* EXERCISE DATA:

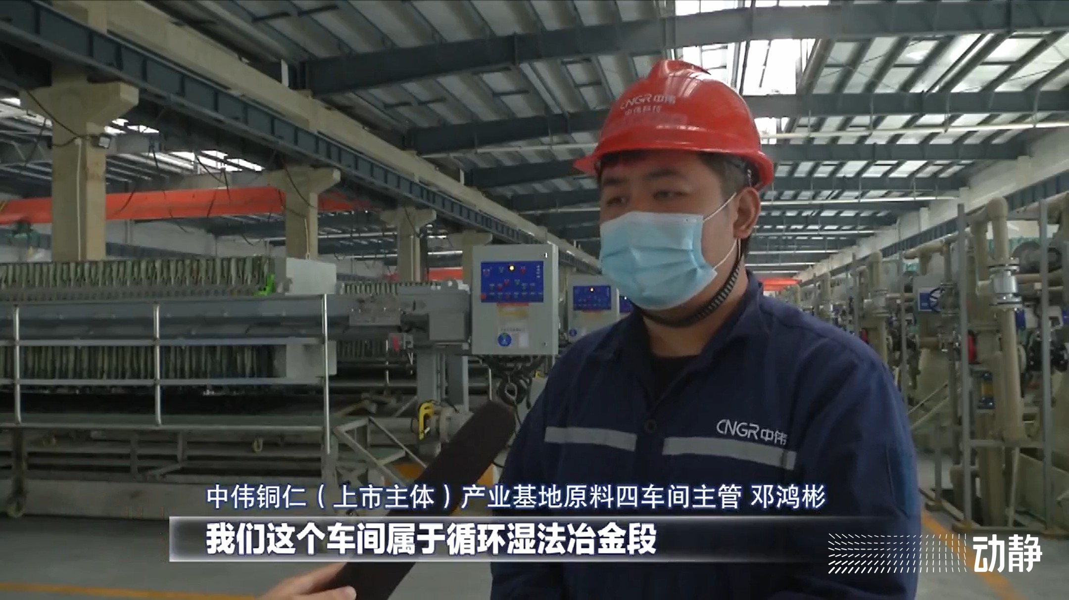 中伟铜仁(上市主体)产业基地原料四车间主管邓鸿彬说,他们这个车间属于循环湿法冶金段,在车间里面,主要是由浸出,除铁,和洗渣三个大的部分组成,他们的产品最终成果的话会产生的是三元溶液,在浸出段结束之后,会输往萃取车间。
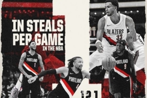 體育資訊11月5日訊 開(kāi)拓者官方發(fā)布數(shù)據(jù)海報(bào),球隊(duì)場(chǎng)均送出12.1次搶斷,排名聯(lián)盟第一。
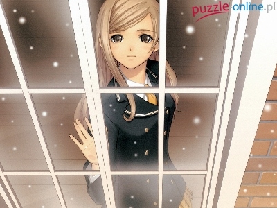 Puzzle Płatki, Dziewczyna, Okno, Śniegu
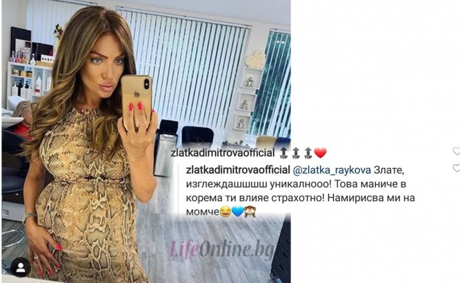Черната Златка написа под снимка на Русата: "Злате, изглеждашшш уникалноо! Това маниче в корема ти влияе страхотно! Намирисва ми на момче".
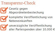 Die Auswertung des Transparenz-Checks ist da. Im Vorfeld der Bundestagswahlen wurden alle Abgeordneten befragt, welche Forderungen sie unterstützen: ein Gesetz gegen Abgeordnetenbestechung, die komplette Veröffentlichung von Nebeneinkünften sowie die unverzügliche Veröffentlichung aller Parteispenden über 10.000€.
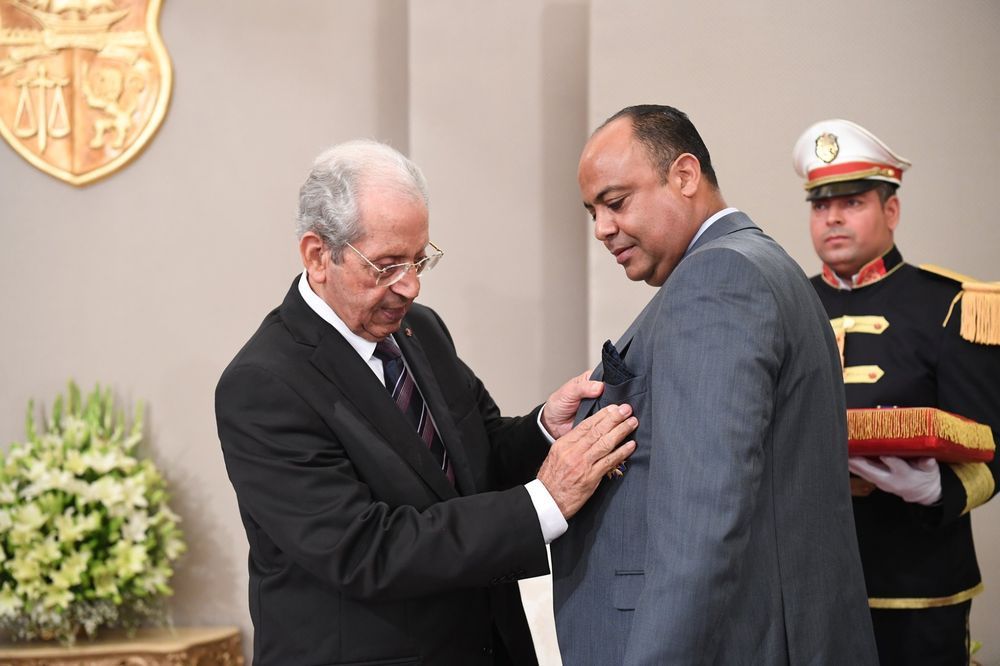 تولّى رئيس الجمهورية محمد الناصر، اليوم بمناسبة إشرافه على موكب الاحتفال باليوم الوطني للثقافة، منح الصنف الأكبر من الوسام الوطني للاستحقاق في قطاع الثقافة لوزير الشؤون الثقافية، محمد زين العابدين.
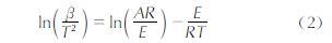 使用Kissinger-Akahira-Sunose方法计算AP分解的反应活化能。相比于其他方法,Kissinger法不需要确定反应动力学的具体机理,同时,其适用于各种固体材料的反应动力学研究,具有较高的可靠性和实用性,其计算公式如下[26]:
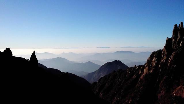 而观佛光最佳处是玉京峰,紫烟石,龙虎殿,需要阳光折射在云层上现出七彩,我曾记得一位曾二十多次上黄山追佛光的超级光迷还曾专门出过佛光系列的画册!这要看缘分了可遇不可求,最好是云层里有点水汽光线角度也正好时就出现了但一般时间都较短的,等不到嘛就自己站位在阳光投射到云层的路线中看看运气了(真有自己影像的七彩光环照片如拍出来也绝对难得!)
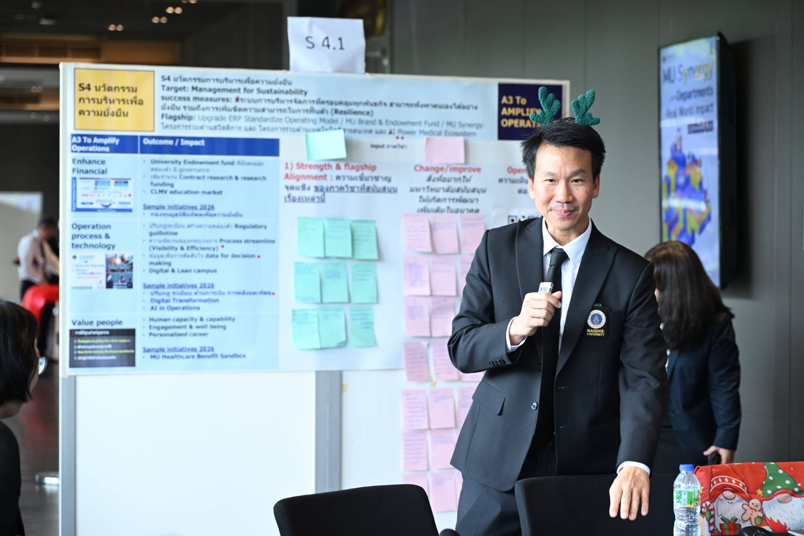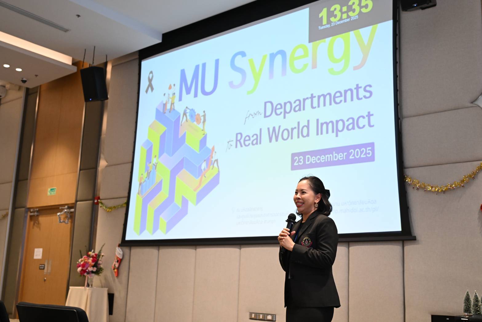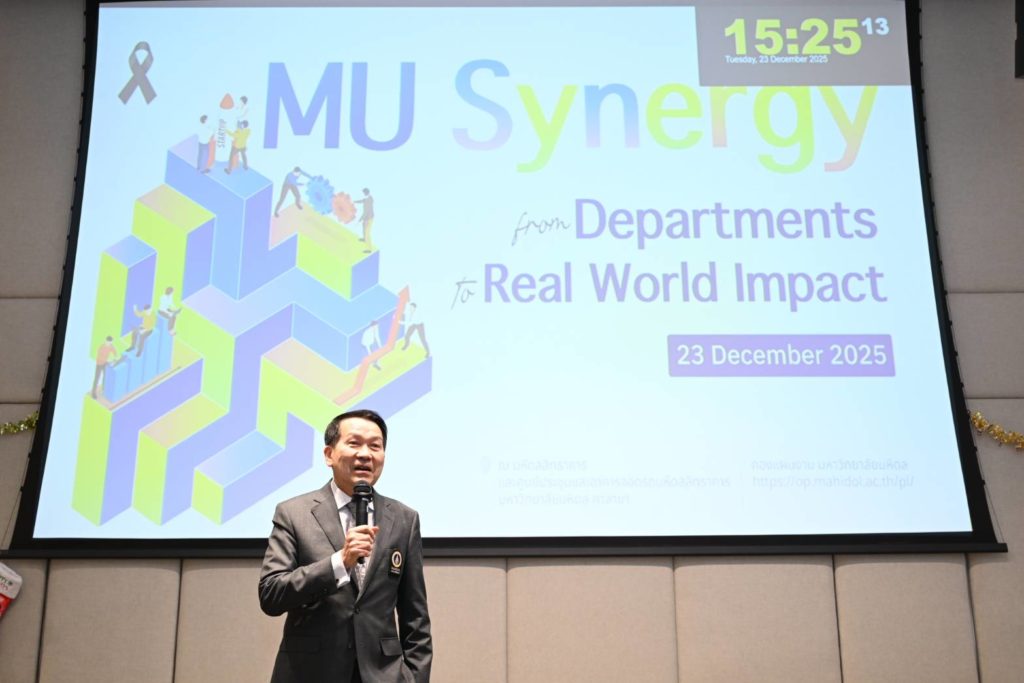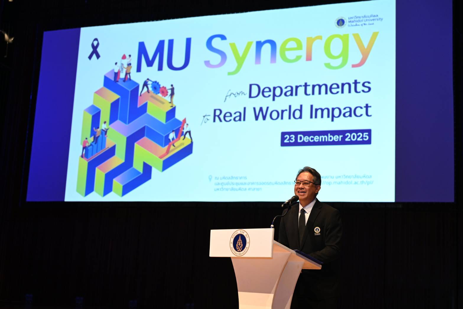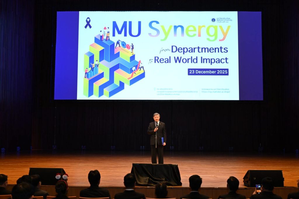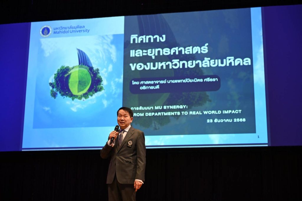 วันที่ 23 ธันวาคม 2568 มหาวิทยาลัยมหิดล จัดการสัมมนาเชิงยุทธศาสตร์เรื่อง “MU Synergy: from Departments to Real World Impact” โดยได้รับเกียรติจาก ศาสตราจารย์คลินิกเกียรติคุณ นายแพทย์ปิยะสกล สกลสัตยาทร นายกสภามหาวิทยาลัยมหิดล เป็นประธานกล่าวเปิดการสัมมนา จากนั้น การสื่อสารทิศทางยุทธศาสตร์มหาวิทยาลัย ภายใต้กรอบแนวคิด 4S, 3A และโครงการขับเคลื่อนระดับมหาวิทยาลัย (Flagship Projects) ประจำปีงบประมาณ พ.ศ. 2569 นำโดย ศาสตราจารย์ นายแพทย์ปิยะมิตร ศรีธรา อธิการบดีมหาวิทยาลัยมหิดล พร้อมด้วย ศาสตราจารย์ นพ. ม.ล.ชาครีย์ กิติยากร รองอธิการบดีฝ่ายวิจัย ศาสตราจารย์ ดร. เภสัชกรเนติ สุขสมบูรณ์ รองอธิการบดีฝ่ายการศึกษา รองศาสตราจารย์ ร.ท. ทันตแพทย์ชัชชัย คุณาวิศรุต รองอธิการบดีฝ่ายกิจการนักศึกษาและศิษย์เก่าสัมพันธ์ ศาสตราจารย์ ดร. เภสัชกรสมภพ ประธานธุรารักษ์ รองอธิการบดีฝ่ายแผนกลยุทธ์ พัฒนาคุณภาพและพันธกิจเพื่อสังคม และดร.ศรายุธ แสงจันทร์ รองอธิการบดีฝ่ายการคลัง ร่วมนำเสนอแนวทางการขับเคลื่อนยุทธศาสตร์ตามพันธกิจหลักของมหาวิทยาลัย ครอบคลุมทุกมิติสำคัญของการพัฒนาองค์กร ทั้งด้านการวิจัย ด้านการศึกษาและกิจการนักศึกษา ด้านบริการและพันธกิจเพื่อสังคม และด้านการบริหารจัดการ ให้เกิดความชัดเจนและสามารถนำไปสู่การปฏิบัติได้จริงในระดับส่วนงาน ณ มหิดลสิทธาคาร และศูนย์ประชุมและอาคารจอดรถมหิดลสิทธาคาร มหาวิทยาลัยมหิดล ศาลายา

* WHAT IS NEEDED: Exactly as they stand, set down the lines from the start of the material through the line with "Puzzle Płatki, Dziewczyna, Okno, Śniegu", both ends included, omitting the pictures.

* FINISHED TASK:
 中伟铜仁(上市主体)产业基地原料四车间主管邓鸿彬说,他们这个车间属于循环湿法冶金段,在车间里面,主要是由浸出,除铁,和洗渣三个大的部分组成,他们的产品最终成果的话会产生的是三元溶液,在浸出段结束之后,会输往萃取车间。
 體育資訊11月5日訊 開(kāi)拓者官方發(fā)布數(shù)據(jù)海報(bào),球隊(duì)場(chǎng)均送出12.1次搶斷,排名聯(lián)盟第一。
 Puzzle Płatki, Dziewczyna, Okno, Śniegu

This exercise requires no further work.